Myki is intended to be Victoria’s all-singing all-dancing smartcard-based public transport ticketing system.  This is a project which has two distinctly ‘interesting’ features.  Firstly, for the outlay of something like $AU 1B, we are going to replicate an existing system.  Secondly, it must be the only project suffering function creep – in reverse!  Every time it gets too big, they chop pieces off it.  It was due to be completed in 2007.
I'd like to start by correcting a couple of things I had wrong in my previous article on this topic.  Firstly, although everything I could find on the web indicated that Myki was based on the Mifare Classic smartcard, the security of which was well and truly destroyed with recent research, an apparent insider responded to my article saying that indeed the project was based on the Mifare DESfire card – one with a little more security.  Hopefully.  But other than that solitary feedback, I can still find no reference to the fact.  Silly me, I'd have thought the team in charge of the project would have been keen to correct such innacuracies.

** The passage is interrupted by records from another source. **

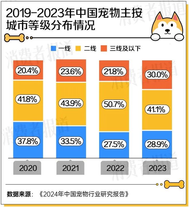 养育它们的大部分是生活在城市的年轻人。白皮书指出,2024年90后仍然是养宠主力军,占比41.2%。00后占比显著提升,从2023年的10.1%增长到了2024年的25.6%。从宠物主的城市分布来看,艾瑞咨询发布的《2024年中国宠物行业研究报告》显示,70%的宠物主集中在一二线城市。不过,或许是受到下沉市场消费力提升以及一线城市对于养宠限制趋于严格,从而降低了养宠意愿等因素影响。多项调研数据指出,一线以及新一线城市养宠人群占比呈现下降趋势,三线城市呈上升趋势。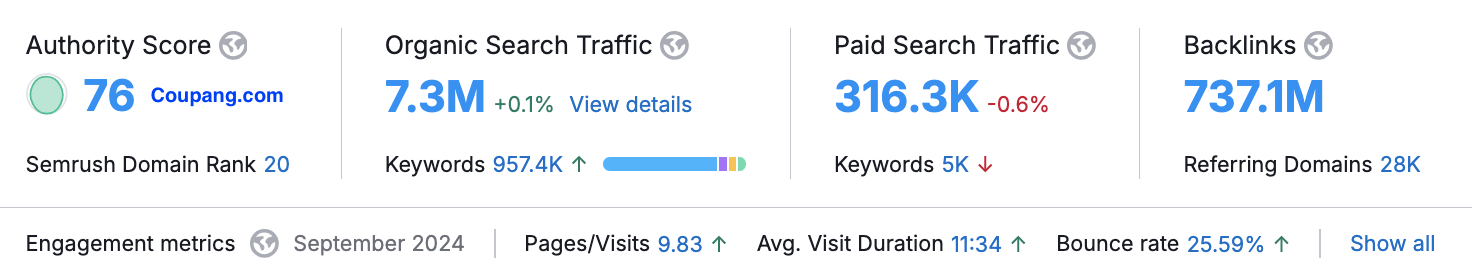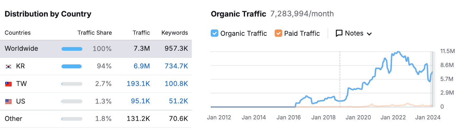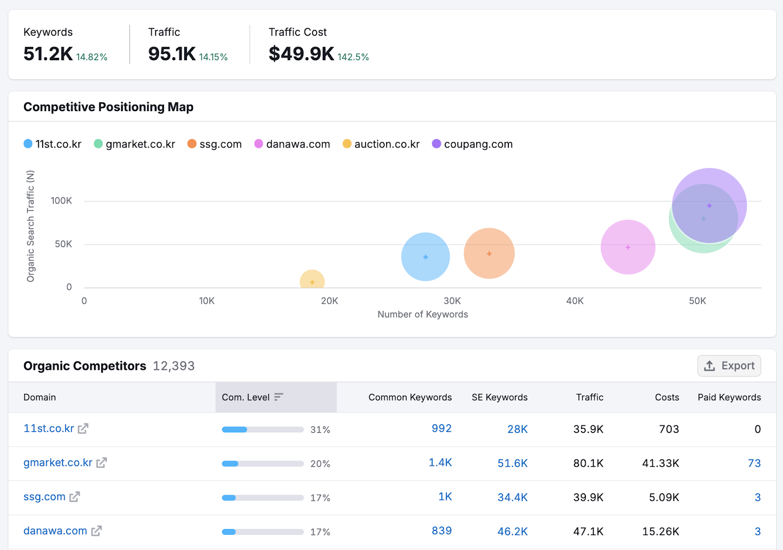 According to Semrush, Coupang leads the organic and search traffic/SEO in South Korea.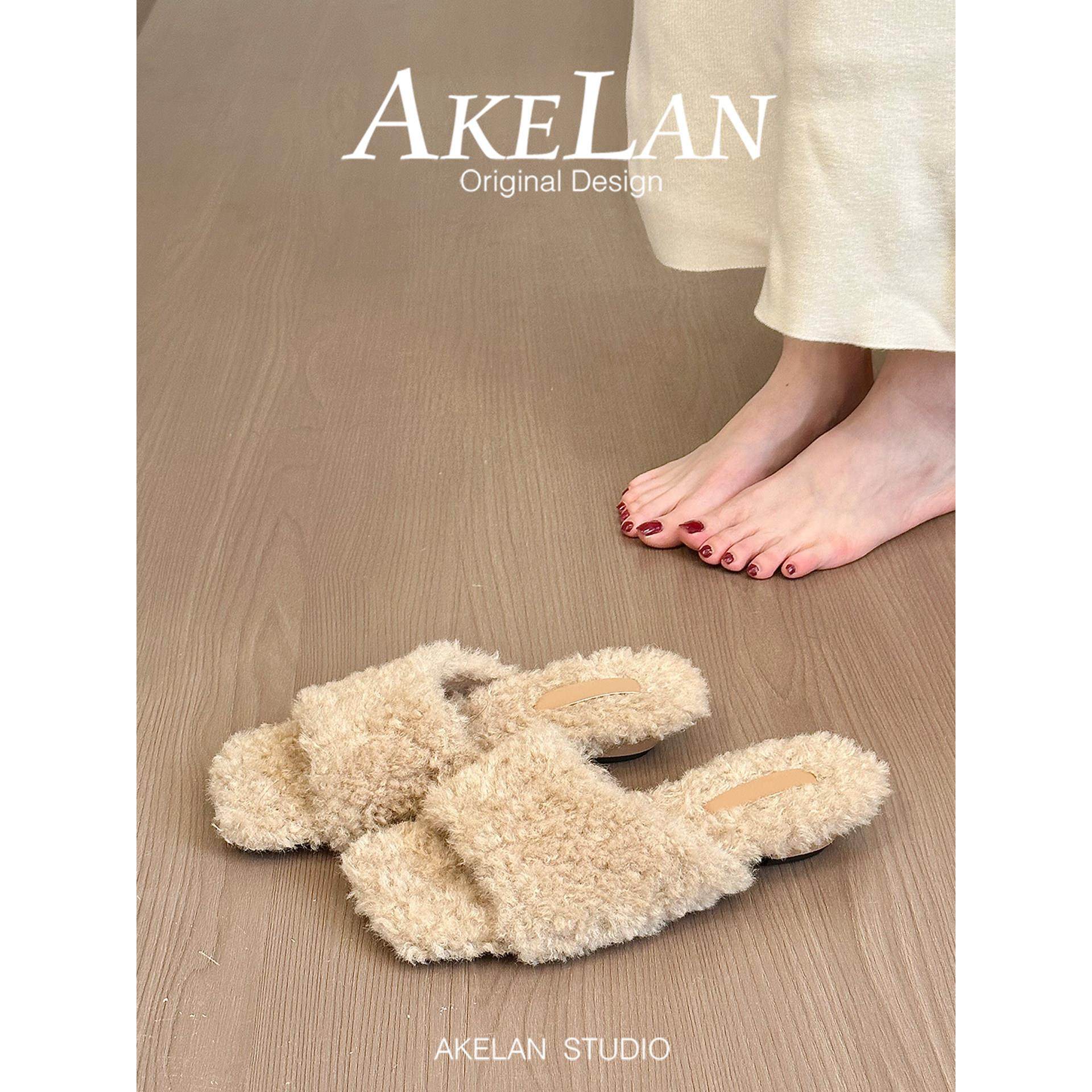 羊皮版~法式气质方头平底毛毛拖鞋女秋冬外穿百搭保暖粗跟凉拖鞋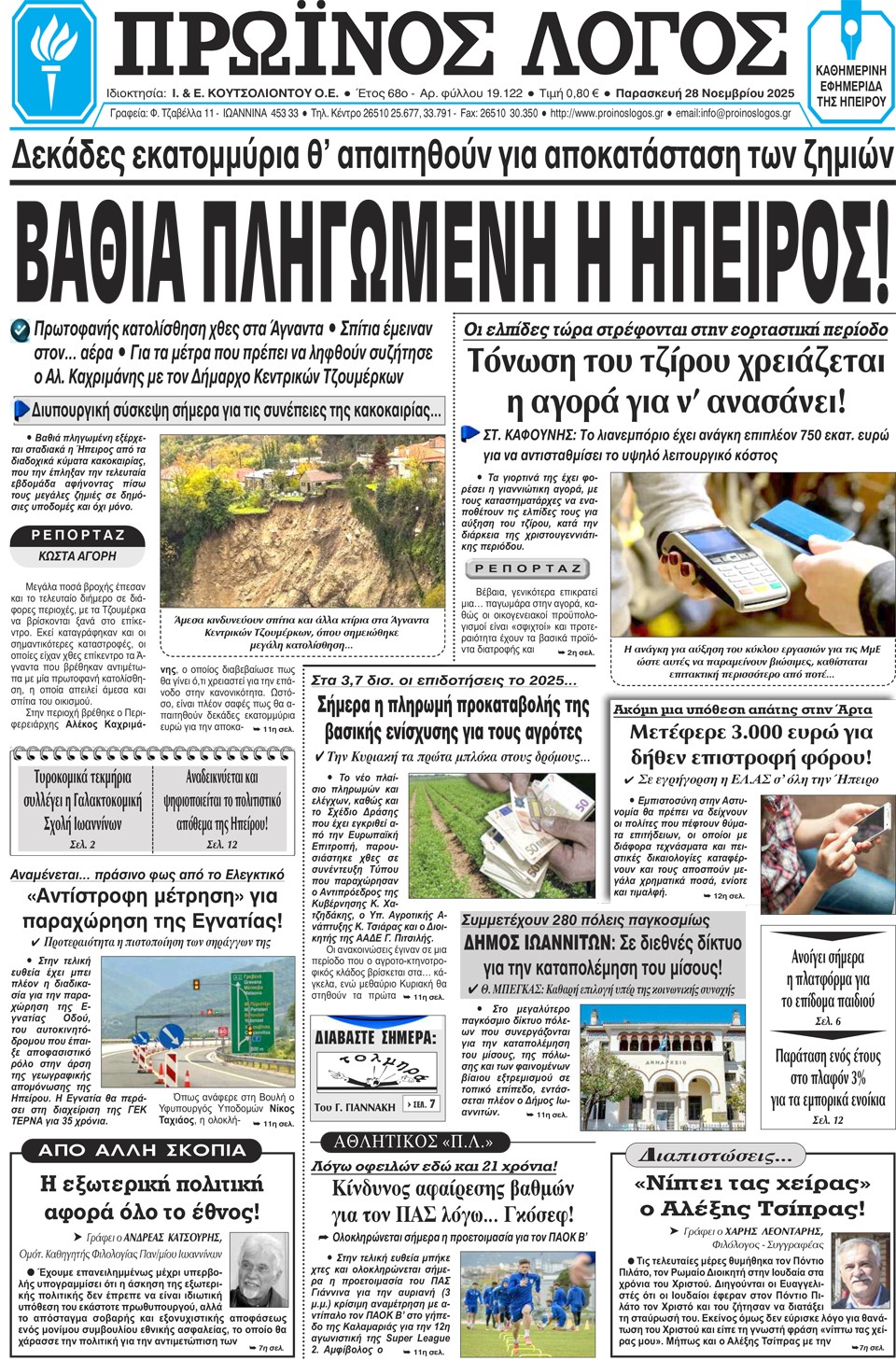ΠΡΩΙΝΟΣ ΛΟΓΟΣ - 28 Νοεμβρίου 2025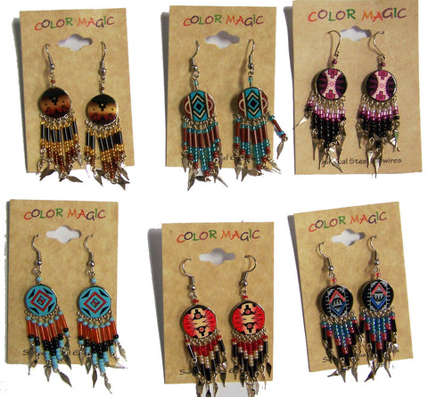 ROUND SHAPED NATIVE STYLE SEED BEAD DANGLE EARRINGS ( sold by the dozen or piece )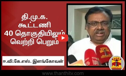 தி.மு.க. கூட்டணி 40 தொகுதியிலும் வெற்றி பெறும் - ஈ.வி.கே.எஸ். இளங்கோவன், காங்கிரஸ்

Secondly, I clearly said it was dead; that they were (as I said) just waiting for the medical examiner to 'pronounce.'  Well, it's amazing how an injection of $216M worth of adrenalin straight to the heart can make a corpse sit bolt upright on the coroner's slab!

So, in the light of today's announcement, where are we now?    A project that should already have been completed, handed over to the people and ingrained in the travelling public's psyche has just received a 5-year extension.  “That's taking a cautious approach and I believe its an appropriate approach,” said Ms Kosky.  Well gosh, I'm glad she wasn't cavalier about it and extended the project for another ten years!

Just about every commentator pointed to the fact that 2010, the new intended delivery year was (oddly enough) a Victorian state government election year.  And strangely-enough the funding for the old Metcard system was extended to 2012 to make sure that the old system was still running sweetly during the election (and the new one didn't cause any election 'ripples!').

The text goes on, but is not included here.